Дома Антигон долго стоял у окна, глядя, как темнота медленно отступает и на смену ей приходит серый полумрак. Когда вершины гор окрасились в розовый цвет, сердце грека гулко забилось от радости, а по телу разлилось приятное тепло. Появилось даже ощущение, что все страшное и ужасное о его жизни навсегда кануло во тьму ночи. На мгновение он даже подумал, что именно ливень и его, Антигона, смелый поступок очистили город от скверны. Но потом он понял, что улицы от всякого сброда очистила другая сила и дождь здесь совершенно ни при чем.
Чуть позже Бостар рассказал ему о состоявшемся в храме Эшмуна ночном заседании Совета.
– Начало положено. – Бостар по привычке взъерошил растопыренными пальцами свои изрядно поседевшие волосы, – Ганнибал прямо заявил, что сегодня в полночь примет жестокие, но крайне необходимые меры, и вкратце объяснил, какие именно. Поскольку, дескать, на ведение военных действий в Италии денег из казны он почти не получал и был вынужден тратить собственные средства, никто не вправе запретить ему потратить их на наведение порядка в городе, – Бостар хихикнул и удовлетворенно потер руки. – Тут несколько приверженцев Ганнона дружно вскочили и принялись кричать, что так не делается и что для столь важных мер требуется решение Совета, а здесь присутствуют далеко не все его члены. Ганнибал выслушал их и сказал: «Ничего не нужно. Я, как стратег, принял решение, и если оно вас не устраивает, попробуйте сместить меня. Но на вашем месте я бы дождался окончательного ухода римлян».
Незадолго до полуночи из казарм в Большой стене начали выходить воины и, разбившись на десятки, стали прочесывать город. На заполненной, несмотря на позднее время, густой толпой площади Собраний были установлены кресты, на которых вскоре уже корчились тридцать застигнутых на месте преступления разбойников, убийц и наемников. Постепенно люди перестали бояться выходить на улицы.
Бухта уже не вмещала множество вернувшихся военных кораблей, и они теперь начали выстраиваться возле мола, прикрепленные канатами к его кольцам и тумбам, или вставали на якорь за Языком.
Антигон уже собрался было наконец навестить Ганнибала и поздравить его с успехом, но тут выяснилось, что стратег бесследно исчез. Саламбо, ставшая еще более толстой и сварливой, ничего толком не могла ему объяснить, В казармах Ганнибала также не оказалось, однако Антигону повезло – он застал его старого друга и соратника Бонкарта.
– Он сейчас очень занят, – пун хитро подмигнул греку, – Не могу сказать ничего определенного, Тигго, но, по-моему, его нет в городе.
– Чем же он занимается?
– Всем на свете, – Бонкарт развел руками и поглядел по сторонам, – Ну а если подробнее… Встречается с лазутчиками, собирает вокруг себя ветеранов, разве этого мало?
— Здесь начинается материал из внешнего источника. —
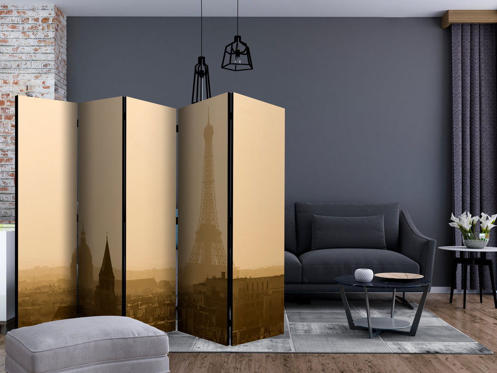 Het decoratieve vouwscherm "Vouwscherm - Paris at Dawn II [Room Dividers]" past uitzonderlijk mooi in een modern interieur. Het houten tweezijdig bedrukte vouwscherm geeft niet alleen een mooie opdeling van een ruimte maar geeft ook een fantastische flair aan uw interieur. De perfectie uitvoering en het originele motief in full HD uitvoering zorgen ervoor dat de kamervouwschermen iedere ruimte een originele charme verschaffen. Een prachtig kamervouwscherm is een zeer originele versiering en kan bijvoorbeeld prima worden toegepast in woningen of dienstruimten. (kapsalon, dokterskliniek, administratiekantoor etc)
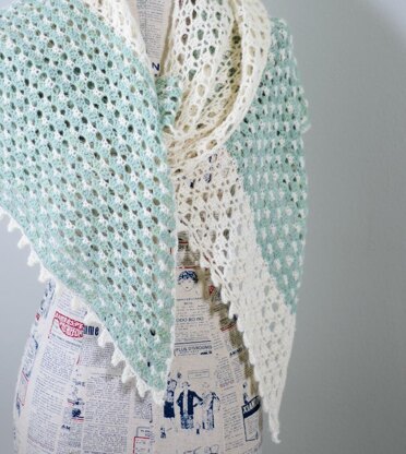This lacy, striped scarf is worked from one end to the other using two colors of light fingering weight yarn.

Ну и, разумеется, он изменил свой облик, и теперь ты вряд ли узнаешь его. Все это Ганнибал проделывает прямо под боком у Сципиона.
Пришла весна, заставившая вспомнить о необходимости выполнить жесткие условия мирного договора. Тысячи горожан толпились на гребне стены, полукружием охватившей бухту, на крышах домов возле площади Собраний и у тройных ворот Бирсы. Растерявшийся Антигон принялся считать корабли, приплывшие сюда чуть ли не со всех концов Ойкумены и теперь, согласно требованию римлян, подлежавшие почти полному уничтожению. Двадцать две огромные неуклюжие тетреры [171]171
Тетрера – военное гребное судно с четырьмя ярусами весел.
[Закрыть], шестьдесят семь триер, сто одиннадцать пентер… В общей сложности флот Карт-Хадашта, который его правители использовали столь же бездарно, как и сухопутные войска, насчитывал пятьсот боевых судов. У завоевавшего господство на море и ныне ставшего самой могучей державой Ойкумены Рима кораблей было едва ли не вдвое меньше.
У причалов осталось только десять триер. Остальные корабли были выведены за мол, и пламя огненной колесницей прокатилось по ним. Его языки жадно лизали мачты, паруса и постепенно плавили медную обшивку. Ветер не уносил дым, и потому небо над городом было затянуто черным покрывалом. Дым вился по узким улицам, вместе с едким запахом гари забирался в горло, ноздри и щипал глаза. У многих они были полны слез. Но Антигон вполне справедливо полагал, что виной этому были не только удушливые клубы.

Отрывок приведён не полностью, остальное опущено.